Суходрев проводил лысого мужчину до дверей, увидел меня, протянул руку и сказал:
— Ба! Михаил Чазов! И без бороды!
— Вот побрился…
— И правильно сделал, что снял эту чудаковатую растительность. У нас тут юные бородачи не в моде. — Он взял меня под руку. — Какими судьбами? Проходи, проходи, рад тебя видеть. Но, признаться, не ждал в такую рань.
Я сказал, что ночевал у тетушки Анастасии Кучеренковой.
— Да-да, я и забыл, у тебя же в Богомольном полно родичей. — В глазах у Суходрева затеплилась знакомая мне хитрая улыбочка. — А Таисия доводится тебе двоюродной сестрой. Прекрасной души женщина, я бы сказал — удивительная! И эта ее таинственная, полная романтики любовь, и то, что счастливее Таисии Кучеренковой в Богомольном женщины не отыскать. Вот о ком бы написать повесть, а то и поэму.
— Артем Иванович, а я как раз об этом и хотел с тобой посоветоваться.
— Какой же нужен мой совет?
— Хочется мне описать, но не Таисию, а тебя, Суходрева, директора совхоза «Привольный». Как полагаешь, смогу?
— Ах, меня?.. Вот ты о чем. — Он щурил глаза, и в них блестела все та же хитрая усмешка. — Полагаю, что не сможешь. И не берись, не трать напрасно время.
— Почему?
— Ну хотя бы потому, дорогой Михаил, что жизнь-то наша только с виду кажется простой и обыденной. А приглядись к ней, да попристальнее. Она не стоит на месте и напоминает собой горную реку во время весеннего половодья, постоянно находится в бурлении, в движении, и сегодня она такая, а завтра, глядишь, уже стала совсем иная, со своими новыми берегами, глубинами и перекатами. И чтобы написать об этой жизни правдиво, искренне, необходимо из громадного бурлящего потока выхватить именно то, что нужно. А что нужно? К примеру, тебе известно? К тому же, тут никак не обойтись без показа нашего брата руководителя, таких, как я, как мои соседи. А показать нас — это не так-то просто.
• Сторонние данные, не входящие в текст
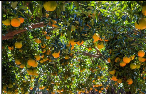
東新觀光果園(或其他果園)

Опишешь нас такими, какие мы есть в действительности, а мы, прочитав написанное, скажем, что мы совсем не такие, и обидимся на автора. — Он посмотрел на меня, ухмылочка все так же светилась в его глазах, и нельзя было понять, что она говорила. — Не по этой ли причине некоторые ныне здравствующие литераторы так сдружились с временем давно минувшим, с милой их сердцу стариной-старинушкой? Там, во времени прошедшем, все давно улеглось, все как следует отстоялось, что было, то было, вставали на свое место и события, и исторические лица, — бери, описывай, и никто тебя ни в чем не упрекнет: нет живых свидетелей. А если описан день сегодняшний, то есть та самая бурная река в весеннем разливе, и если автор показал не только достоинства того или иного сельского вожака, а и его недостатки, то тут же уже возникают возражения. А если какой-либо вожак в отрицательном герое узнал самого себя, то он бросается в амбицию: как так?! На каком основании? Кто позволил? Я так не говорил, я не такой! А-ну, подавайте мне сюда автора! Почему посмел описать меня так, как ему вздумалось? Это же клевета! Ему разъясняют, растолковывают, что это описан не он, что тут даже фамилия другая.